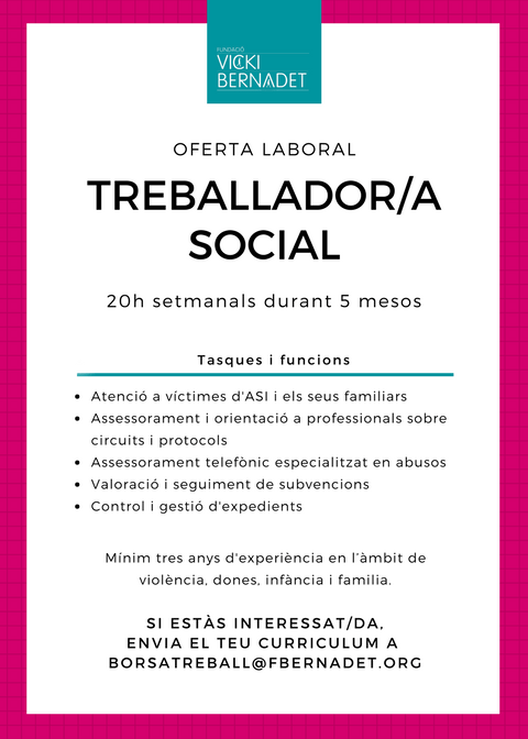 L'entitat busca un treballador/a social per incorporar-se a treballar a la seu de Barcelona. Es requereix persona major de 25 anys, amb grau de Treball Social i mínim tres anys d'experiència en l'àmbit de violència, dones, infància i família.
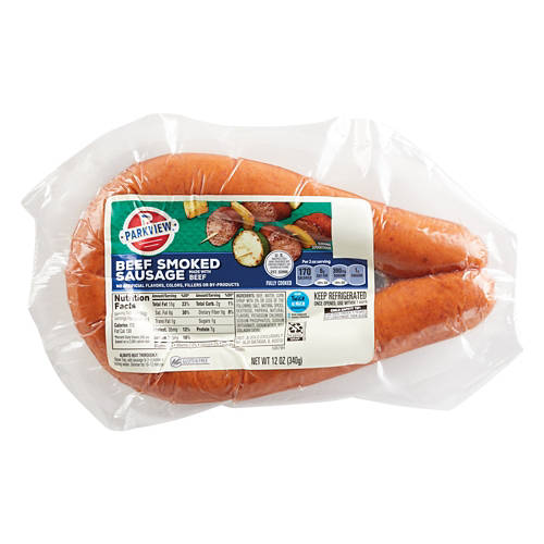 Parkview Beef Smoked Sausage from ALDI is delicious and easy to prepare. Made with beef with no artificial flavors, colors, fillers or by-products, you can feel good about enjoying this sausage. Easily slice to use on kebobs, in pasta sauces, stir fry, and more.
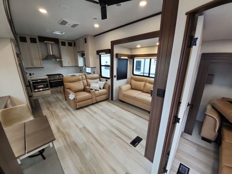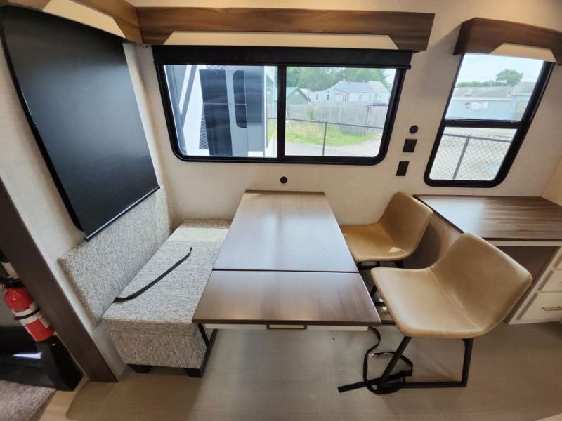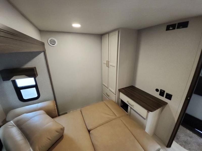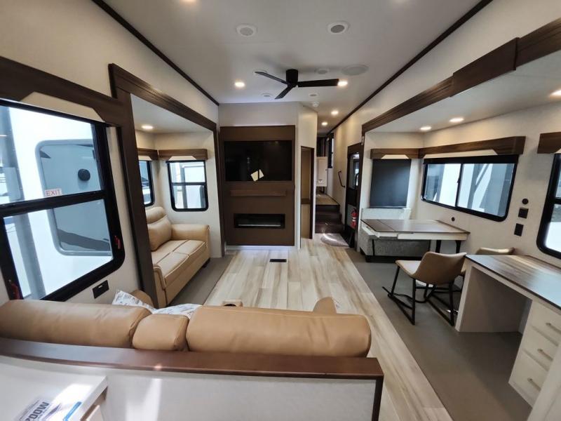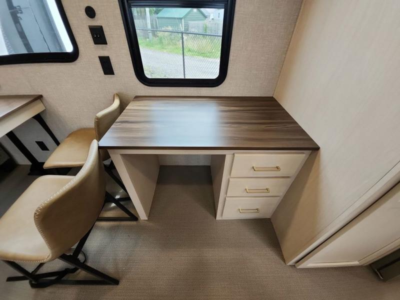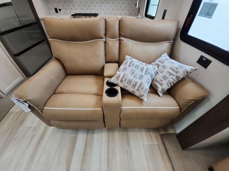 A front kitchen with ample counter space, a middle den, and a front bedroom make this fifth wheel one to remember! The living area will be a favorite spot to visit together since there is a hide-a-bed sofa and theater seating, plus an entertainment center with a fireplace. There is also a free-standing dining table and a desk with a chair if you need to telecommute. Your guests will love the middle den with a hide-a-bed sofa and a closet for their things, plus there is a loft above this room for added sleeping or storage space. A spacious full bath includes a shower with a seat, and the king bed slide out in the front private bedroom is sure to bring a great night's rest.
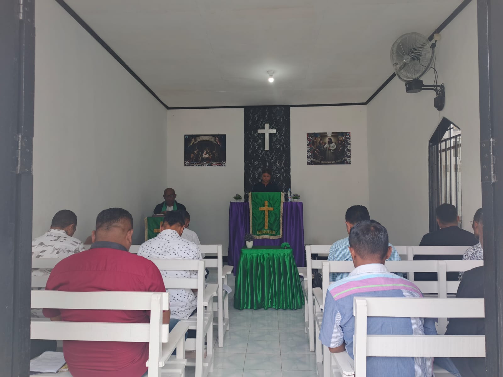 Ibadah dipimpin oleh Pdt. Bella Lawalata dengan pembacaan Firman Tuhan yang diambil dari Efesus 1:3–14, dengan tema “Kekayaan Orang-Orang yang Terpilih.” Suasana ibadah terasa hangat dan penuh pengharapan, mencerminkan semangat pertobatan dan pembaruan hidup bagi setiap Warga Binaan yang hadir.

——

**ABOUT THIS TASK:**
Retype the whole listing exactly and leave the pictures out.

**TASK RESULT:**
 L'entitat busca un treballador/a social per incorporar-se a treballar a la seu de Barcelona. Es requereix persona major de 25 anys, amb grau de Treball Social i mínim tres anys d'experiència en l'àmbit de violència, dones, infància i família.
 Parkview Beef Smoked Sausage from ALDI is delicious and easy to prepare. Made with beef with no artificial flavors, colors, fillers or by-products, you can feel good about enjoying this sausage. Easily slice to use on kebobs, in pasta sauces, stir fry, and more.
 A front kitchen with ample counter space, a middle den, and a front bedroom make this fifth wheel one to remember! The living area will be a favorite spot to visit together since there is a hide-a-bed sofa and theater seating, plus an entertainment center with a fireplace. There is also a free-standing dining table and a desk with a chair if you need to telecommute. Your guests will love the middle den with a hide-a-bed sofa and a closet for their things, plus there is a loft above this room for added sleeping or storage space. A spacious full bath includes a shower with a seat, and the king bed slide out in the front private bedroom is sure to bring a great night's rest.
 Ibadah dipimpin oleh Pdt. Bella Lawalata dengan pembacaan Firman Tuhan yang diambil dari Efesus 1:3–14, dengan tema “Kekayaan Orang-Orang yang Terpilih.” Suasana ibadah terasa hangat dan penuh pengharapan, mencerminkan semangat pertobatan dan pembaruan hidup bagi setiap Warga Binaan yang hadir.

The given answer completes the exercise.